Transfer learning makes use of the knowledge gained while solving one problem and applying it to a special but related problem.

For example, knowledge gained while learning to acknowledge cars are often wont to some extent to acknowledge trucks.

Pre-Training

When we train the network on an outsized dataset(for example: ImageNet) , we train all the parameters of the neural network and thus the model is learned. it’s going to take hours on your GPU.

Fine Tuning

We can give the new dataset to fine tune the pre-trained CNN. Consider that the new dataset is nearly almost like the original dataset used for pre-training.
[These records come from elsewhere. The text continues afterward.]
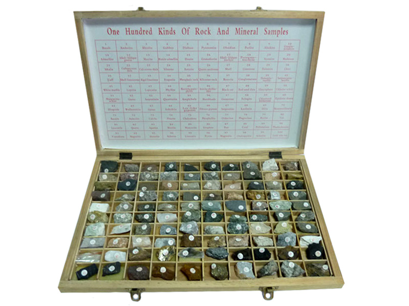 Setul cuprinde 100 de eșantioane de roci și minerale, din diferite zone a Terrei: grafit, galenă, sfalerit, Cinabru, Staniu, Molibden, pirită, cupru, fluorină, hematită, casiterit, cuarț, wolframit, magnetit, bauxită, talc, asbest, caolinit, muscovită, ortoclaz, calcit, dolomită, baritină, gips fibrilos, gips îngheþat, anhidrit, apatită, serpentină, gabro, bazalt etc. Fiecare specimen este enumerat. Ambalaj - cutie de lemn.
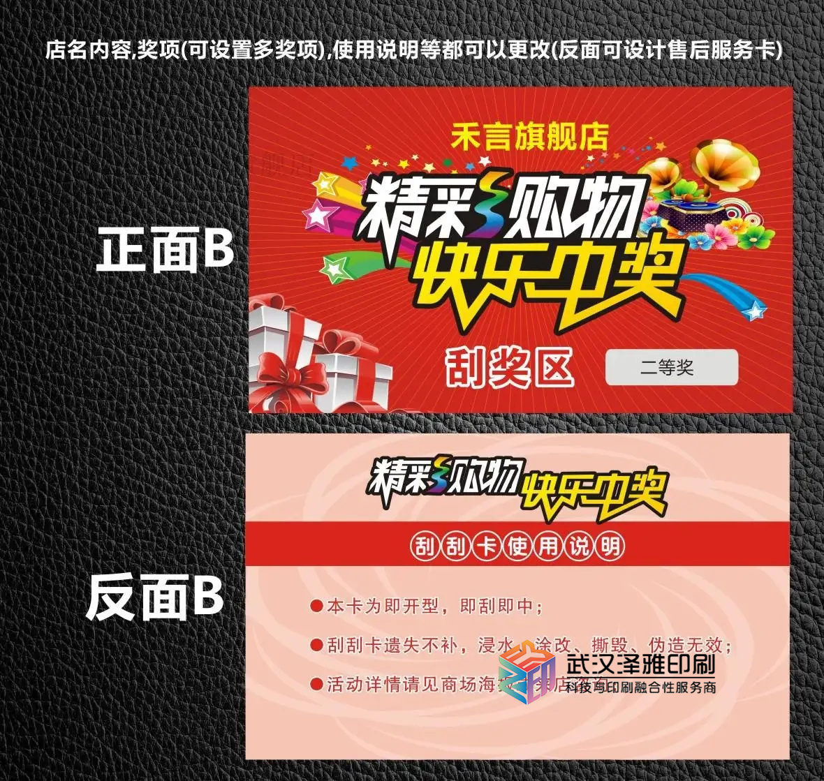 如果您的刮刮卡圖片是我們公司設計的,則清楚地描述刮刮卡的材料,尺寸,圓角/直角和整體樣式。希望您理解的是,解釋越清楚,您越能達到預期的效果。因為每個設計師都是個人,并且都有自己的美感,所以設計師對效果的理解和描述似乎不一致。對整個刮刮卡設計和后續打印進行更多的交流和了解非常有益。
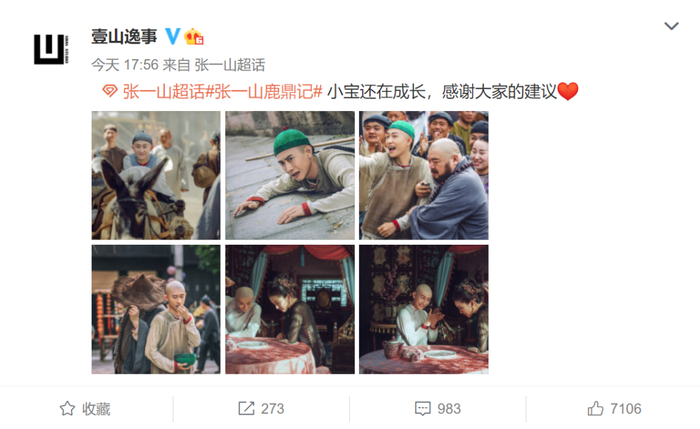 近日,张一山也在接受媒体采访时回应,这版《鹿鼎记》画风已经往卡通和搞笑上走了,可能表演方式会有些变化,有时会写意一点,不会那么落地,这都是创作手法,人和事肯定是尊重原著的。希望能给观众带来一些新鲜的东西,让观众爱看。同时他也表示:“千万不要把我当特好的演员,因为我也有演不好的时候。”
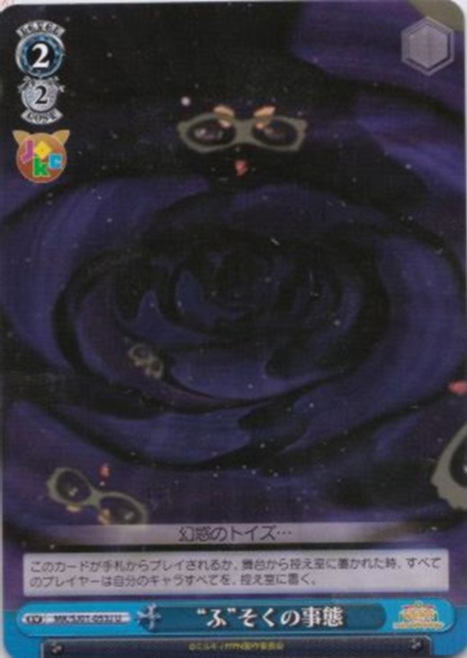 このカードが手札からプレイされるか、舞台から控え室に置かれた時、すべてのプレイヤーは自分のキャラすべてを、控え室に置く。
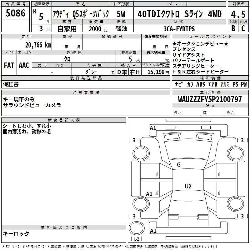 Audi Q5 с аукциона Японии TAA Yokohama лот № 5086
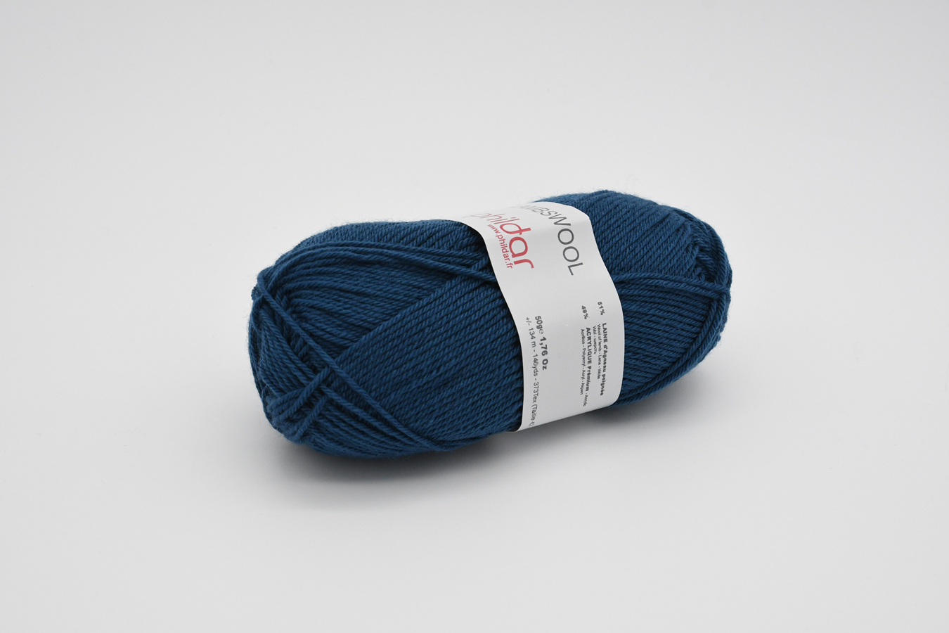 Pelote de 50g (+/- 134m). Fil doux.
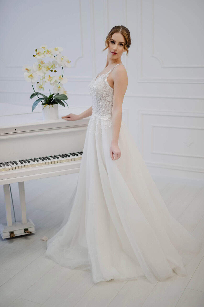 Az egyszerű szabású, finom esésű, letisztult vonalak egy kis csipke vagy gyöngy díszítéssel kiegészítve jó választás lehet bármilyen alkatú Menyasszonynak. A visszafogott, ám mégis nőies menyasszonyi ruhák az örök elegancia képviselői.
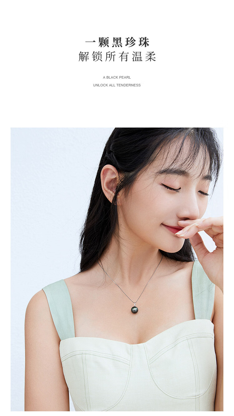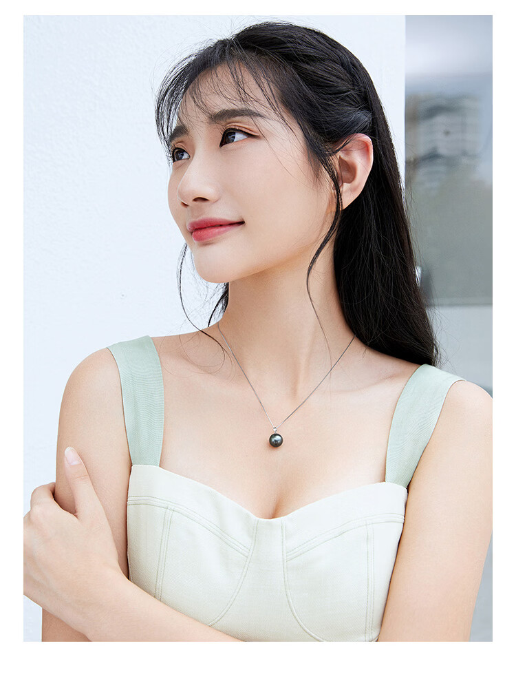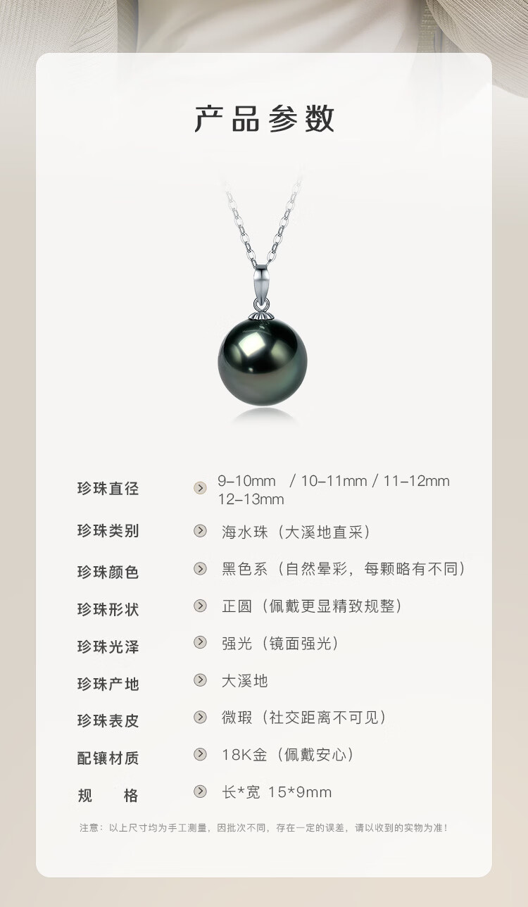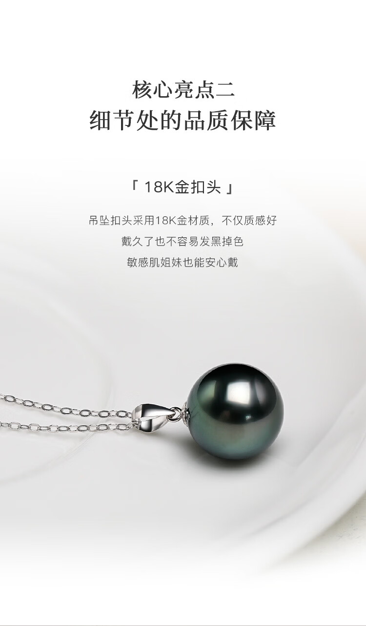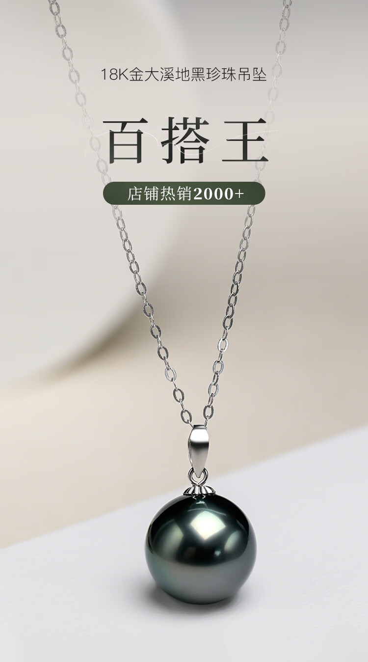 珍珠皇后18K金大溪地黑珍珠吊坠 正圆海水珍珠项链生日礼物送女朋友
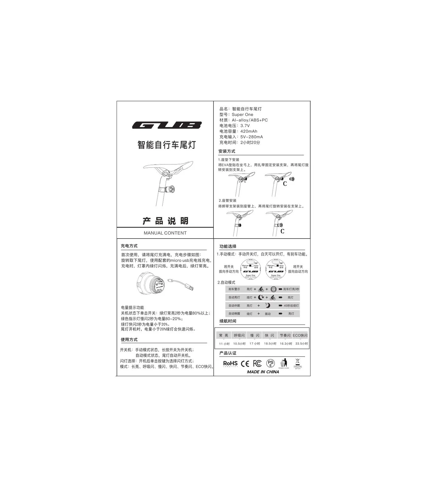 | Light Modes | Normal, Breath, Slow, Fast, Rhythm, Eco |
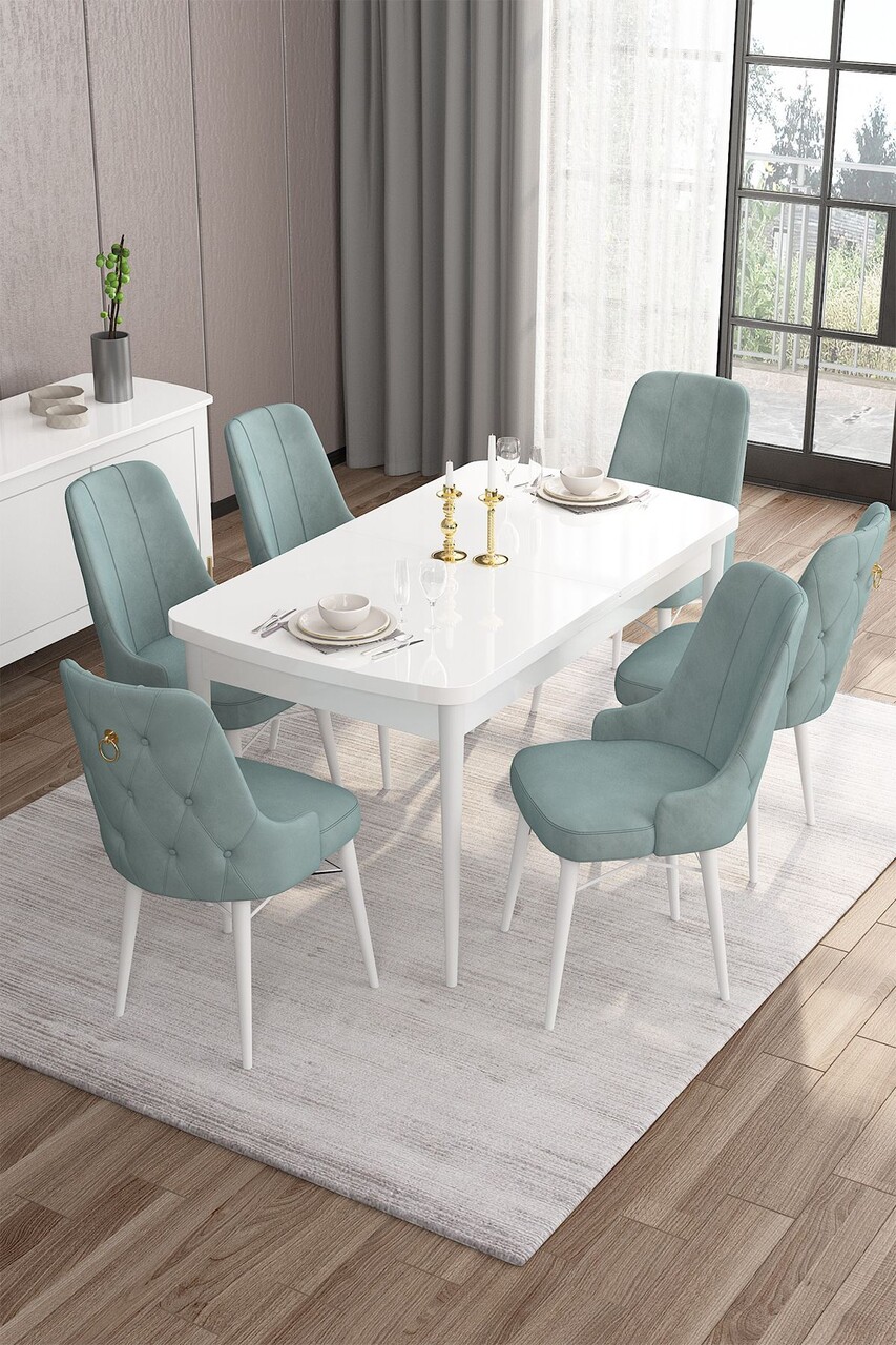 Set masa extensibila si scaune, Hanah Home, Han, Alb / Turcoaz

Since the new dataset is analogous, equivalent weights are often used for extracting the features from the new dataset.

If the new dataset is extremely small, it’s better to coach only the ultimate layers of the network to avoid overfitting, keeping all other layers fixed. So remove the ultimate layers of the pre-trained network. Add new layers. Retrain only the new layers.

If the new dataset is extremely much large, retrain the entire network with initial weights from the pretrained model.

How to fine tune if the new dataset is extremely different from the original dataset?

The earlier features of a ConvNet contain more generic features (e.g. edge detectors or color blob detectors), but later layers of the ConvNet becomes progressively more specific to the small print of the classes contained within the original dataset.

The earlier layers can help to extract the features of the new data. So it’ll be good if you fix the sooner layers and retrain the remainder of the layers, if you bought only bit of knowledge.

If you’ve got great deal of knowledge, you’ll retrain the entire network with weights initialized from the pre-trained network.